Records from a dataset:
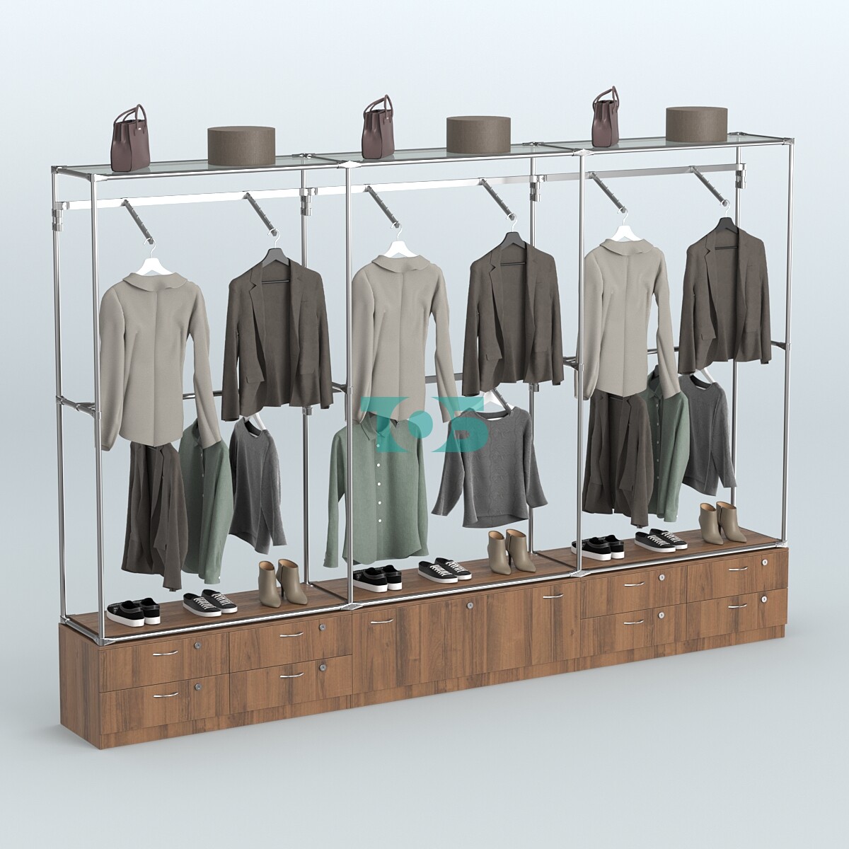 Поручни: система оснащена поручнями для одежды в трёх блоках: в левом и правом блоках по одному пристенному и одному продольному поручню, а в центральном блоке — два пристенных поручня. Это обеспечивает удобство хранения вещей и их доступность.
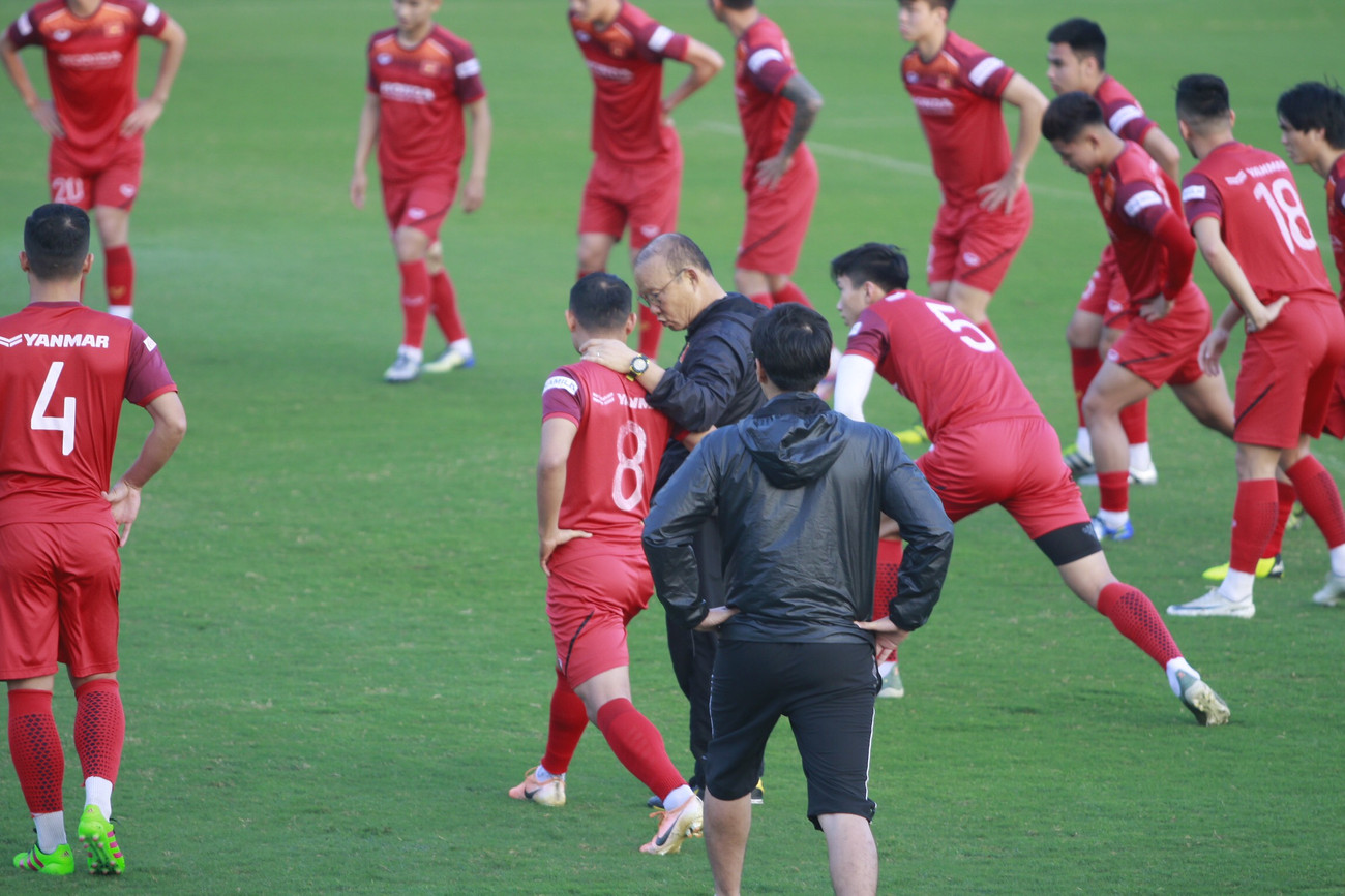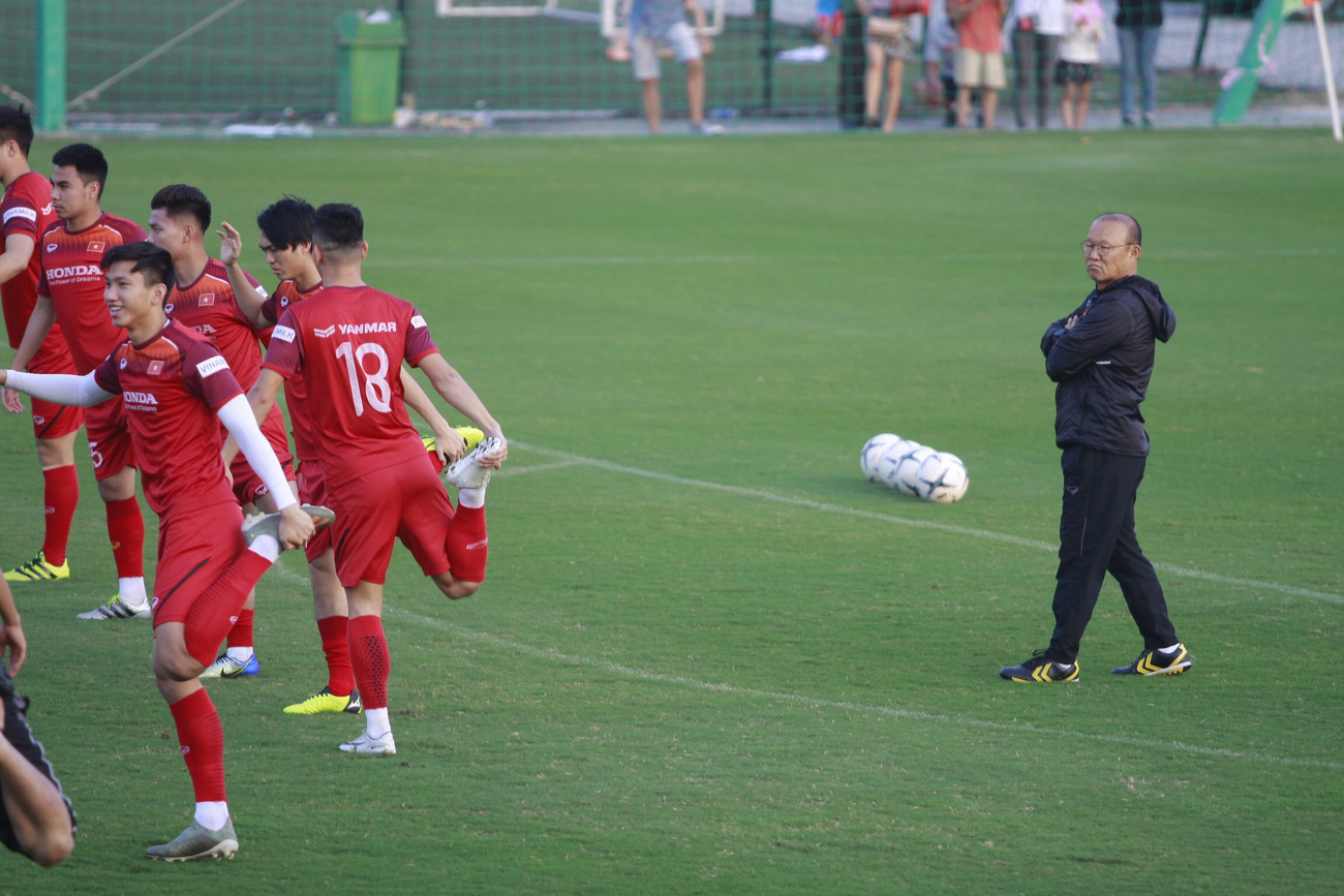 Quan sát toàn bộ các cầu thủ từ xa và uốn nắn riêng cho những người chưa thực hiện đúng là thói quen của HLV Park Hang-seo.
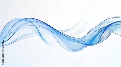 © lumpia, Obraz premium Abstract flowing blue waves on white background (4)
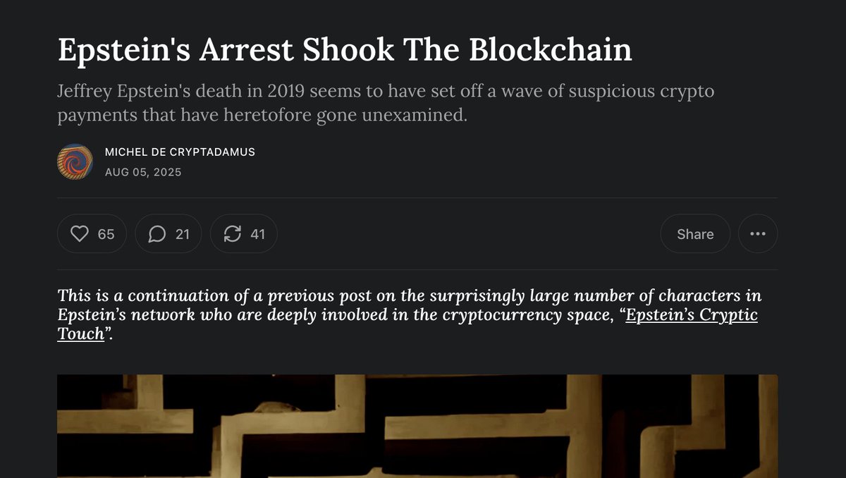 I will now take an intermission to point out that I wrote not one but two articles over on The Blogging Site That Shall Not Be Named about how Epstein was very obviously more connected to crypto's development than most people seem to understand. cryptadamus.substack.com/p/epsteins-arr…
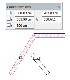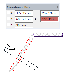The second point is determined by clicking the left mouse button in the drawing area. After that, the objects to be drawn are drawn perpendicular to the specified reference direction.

YOUR OBJECTIVE » Would you reproduce the records exactly as they stand, but without the pictures?

TASK SOLUTION »
 Поручни: система оснащена поручнями для одежды в трёх блоках: в левом и правом блоках по одному пристенному и одному продольному поручню, а в центральном блоке — два пристенных поручня. Это обеспечивает удобство хранения вещей и их доступность.
 Quan sát toàn bộ các cầu thủ từ xa và uốn nắn riêng cho những người chưa thực hiện đúng là thói quen của HLV Park Hang-seo.
 © lumpia, Obraz premium Abstract flowing blue waves on white background (4)
 I will now take an intermission to point out that I wrote not one but two articles over on The Blogging Site That Shall Not Be Named about how Epstein was very obviously more connected to crypto's development than most people seem to understand. cryptadamus.substack.com/p/epsteins-arr…
The second point is determined by clicking the left mouse button in the drawing area. After that, the objects to be drawn are drawn perpendicular to the specified reference direction.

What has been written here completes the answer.